Пластунские заводы пфедставляют интересную страничку в истории Урала. Первый, так называемый Старый завод основан был на реке Пластунье в половине восемнадцатого века, когда на Урале заводы росли, как грибы, десятками. Место под заводы было выбрано чрезвычайно удачно: богатые руды, дремучие леса, несколько горных рек, удобных для запруды, — все условия точно нарочно сгруппировались в интересах вящего развития заводского дела. И действительно, новые заводы пошли бойко в ход и стали приносить своему основателю миллионные дивиденды. Этот первый заводчик, по фамилии Кученков, выбился в большие люди из полной неизвестности и целую жизнь работал за четверых. Впрочем, приблизительно такова история возникновения почти всех уральских горных заводов, за исключением) казенных, где были свои порядки. Как все первые уральские заводчики, Кученков обладал самой завидной энергией, хорошо понимал свои интересы и специально заводскую часть и, как все первые уральские заводчики, не церемонился с рабочими, а в случае ослушания расправлялся с ними зверски.
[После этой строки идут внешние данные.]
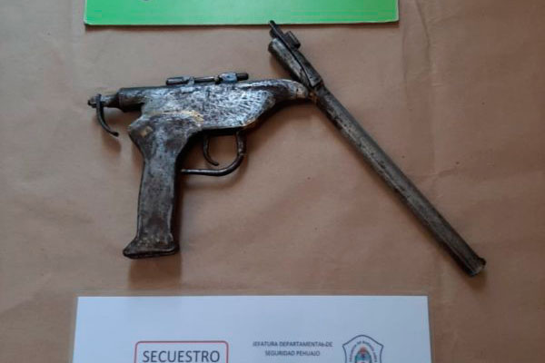 La Estación de Policía Comunal de 9 de Julio informó que en la jornada del martes, siendo las 14 horas aproximadamente, personal de esta dependencia, conjuntamente con SUB DDI Bragado con sede en nuestra ciudad, efectuó un procedimiento en un domicilio de calle Sáenz Peña al 800, donde procedió a la aprehensión de un masculino domiciliado en el lugar, de 17 años de edad, y a quien se le incautó un arma de fuego recortada, de metal plateado, sin marca ni numeración visible, de fabricación casera y calibre 12 mm.; y 7, 9 grs de picadura de marihuana.

Кученков, в смысле типичности, был замечательный человек: ходил в полушубке и в валенках, с завода на завод переезжал часто с «обратьними» ямщиками, вообще жил крайне просто и только любил щегольнуть перед начальством. Наследники Кученкова начали с того, что разделились: один взял заводы, другому выделили часть деньгами, третий получал известный дивиденд и не вступался ни в какие дела. Все трое жили или в Петербурге, или за границей, безобразничая напропалую. Внук Кученкова, к которому перешли заводы, получил воспитание в Париже, под влиянием какого-то иезуита, и до конца своей жизни не мог научиться говорить правильно порусски, хотя жил набобом и уронил заводы окончательно, опутав их неоплатными долгами. Никакое крепостное право и никакие Иваны Антонычи не могли спасти падавших заводов, и они сейчас после воли за казенные долги перешли в опекунское управление, где всем делом верховодила сплоченная кучка горных инженеров. Эти опекуны повели дела чрезвычайно ловко и в видах «усиления заводского действия» разными «хозяйственными способами» увеличили казенный долг вдвое, так что в конце концов Пластунские заводы пошли с молотка и достались какой-то сильной иностранной компании.

Владычество новой компании началось с того, что на смену старых доморощенных управителей и служащих была выслана настоящая армия «немцев» и заведен был в делах чисто немецкий бесконечный порядок. На одном Пластунском заводе было восемьдесят человек служащих, из которых шестьдесят пять были «немцы», а пятнадцать из старых заводских служащих.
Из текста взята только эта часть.